The Tax Court recently issued a memorandum opinion in the case of Continuing Life Communities Thousand Oaks, LLC v. Comm’r, T.C. Memo. 2022-31, questioning the scope of the IRS’s discretion over whether a taxpayer’s accounting method clearly reflects income. Section 446(a) of the Internal Revenue Code, sets out the general rule that a taxpayer is to compute its taxable income using the same method of accounting it uses to compute its income in keeping its books. As with most areas of the tax law, this general rule is subject to exceptions, which are subject to further exceptions. Section 446(b) sets out the fundamental exception to the general rule, providing that if the taxpayer’s method of accounting does not clearly reflect income the IRS can determine the taxpayer’s taxable income under the method which, “in the opinion of the [Commissioner], does clearly reflect income.” It is the scope of this discretion afforded to the Commissioner that was at the heart of the issue in Continuing Life.
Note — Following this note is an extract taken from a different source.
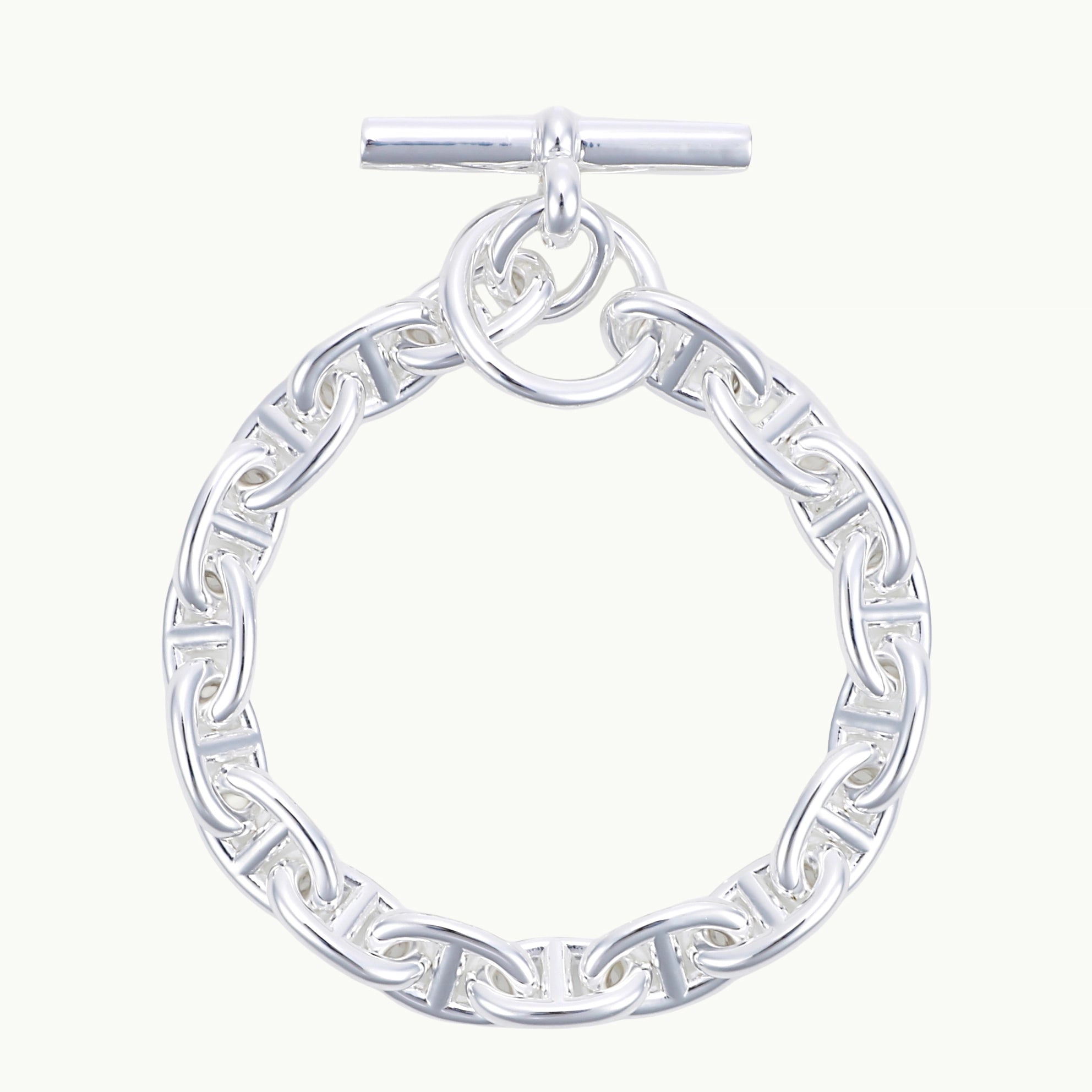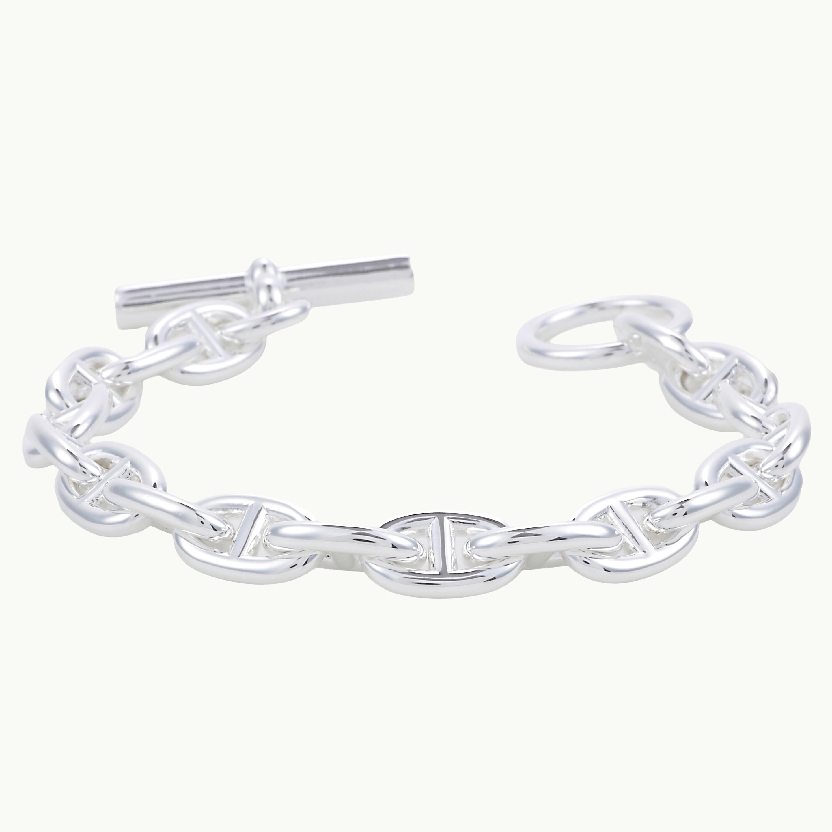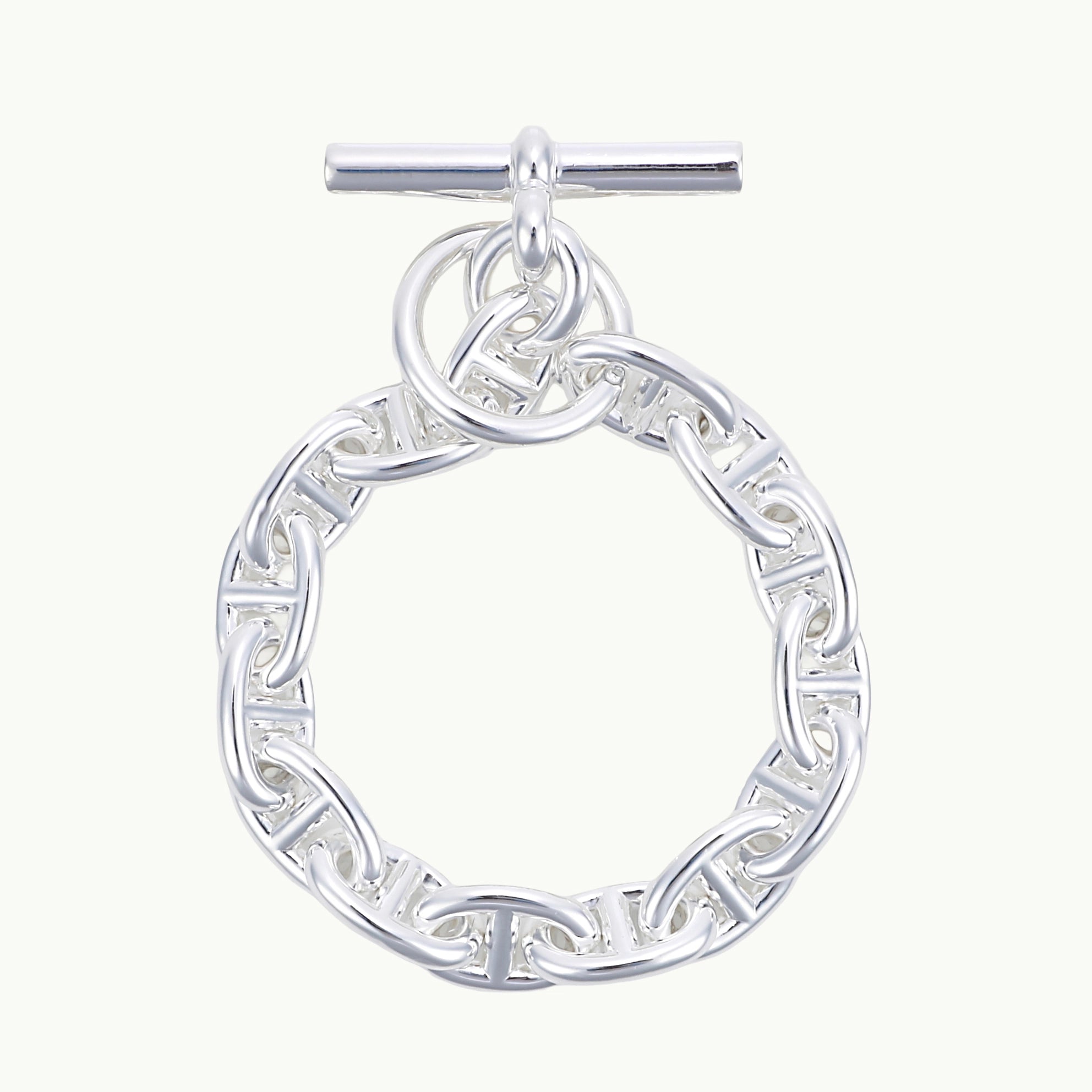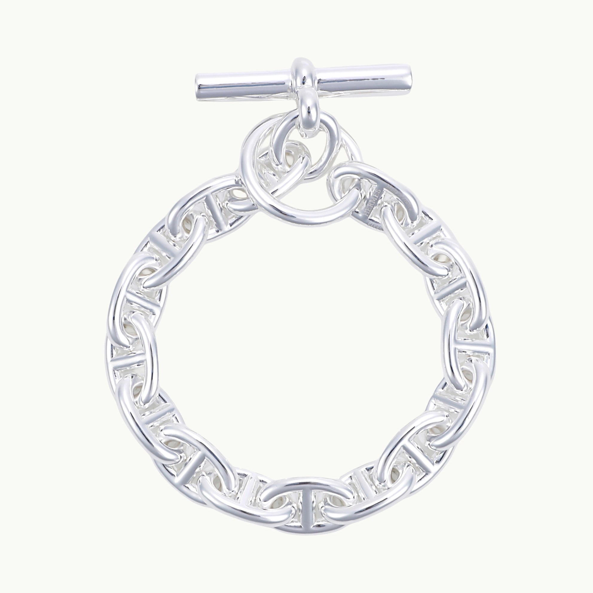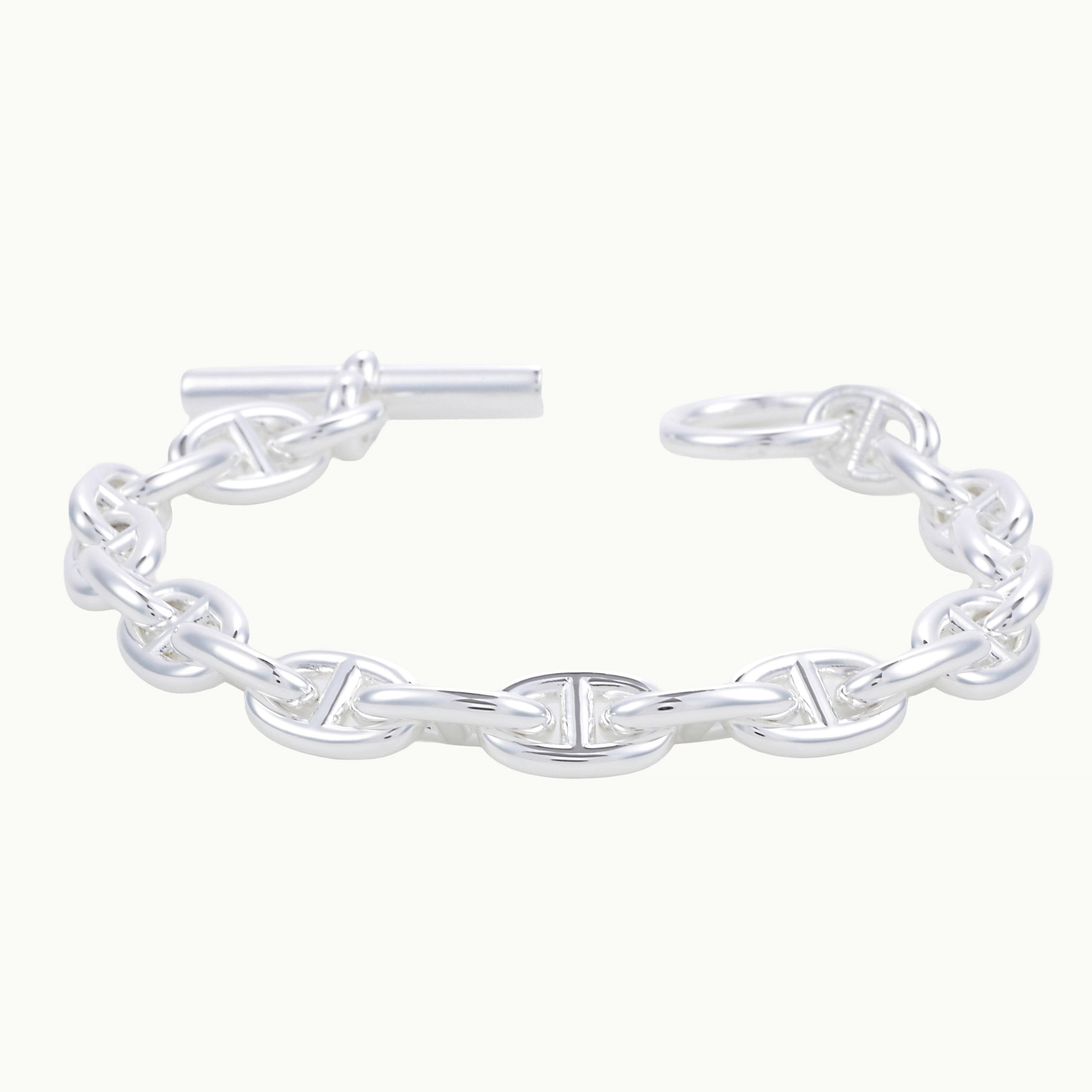 本品はそのシリーズの中でも2番目に小さい「PMサイズ」。華奢すぎず、程よいボリューム感で、ジェンダーを問わず着用できる絶妙なバランスが魅力です。エルメスが誇る職人の手仕事により、各リンクが美しく繋がれたチェーンは、静かな中にも確かな存在感を放ち、シンプルな装いを格上げしてくれます。

The taxpayer in this case was a continuing care facility providing housing and care to senior citizens as their needs continuously change as they age. The taxpayer followed generally accepted accounting principles in maintaining its books and followed the same accounting methods for income tax accounting purposes, particularly with respect to its deferred revenue. In the taxpayer’s view, this approach was permitted because the Treasury regulations provide that “a method of accounting which reflects the consistent application of generally accepted accounting principles in a particular trade or business in accordance with accepted conditions or practices in that trade or business will ordinarily be regarded as clearly reflecting income . . . .” Treas. Reg. § 1.446-1(a)(2). But, once again, this general rule is qualified by the exception that “no method of accounting is acceptable unless, in the opinion of the Commissioner, it clearly reflects income.” Id. And, it is this exception that formed the basis for the Commissioner’s position that he gets to decide whether a particular method of accounting clearly reflects income, and that, in order to clearly reflect income, Continuing Life should recognize all of its deferred revenue in the year of receipt.
Although only a memorandum opinion of the Tax Court, the opinion is insightful for several reasons. Judge Holmes sets a framework for analyzing whether a method of accounting clearly reflects income that will no doubt be helpful to taxpayers and other courts, and one cannot fully appreciate his conclusion without understanding the history discussed in his opinion. Yet, more importantly, Judge Holmes challenged the scope of the Commissioner’s discretion on this issue. The Commissioner’s position has historically been that he has the final say on whether an accounting method clearly reflects income, and, in our experience, IRS Appeals has not often assigned significant, if any, hazards to this IRS position. Judge Holmes concluded his opinion by stating that, although it is undoubtedly true that the Commissioner has discretion to change accounting methods, “the history of how that discretion came to be weakens its power to overcome text, purpose, and analogy.” Accordingly, taxpayers who once thought their most reasonable option was to concede issues of clear reflection of income because of the broad discretion afforded to the Commissioner may now want to reconsider their position in light of Judge Holmes’s opinion.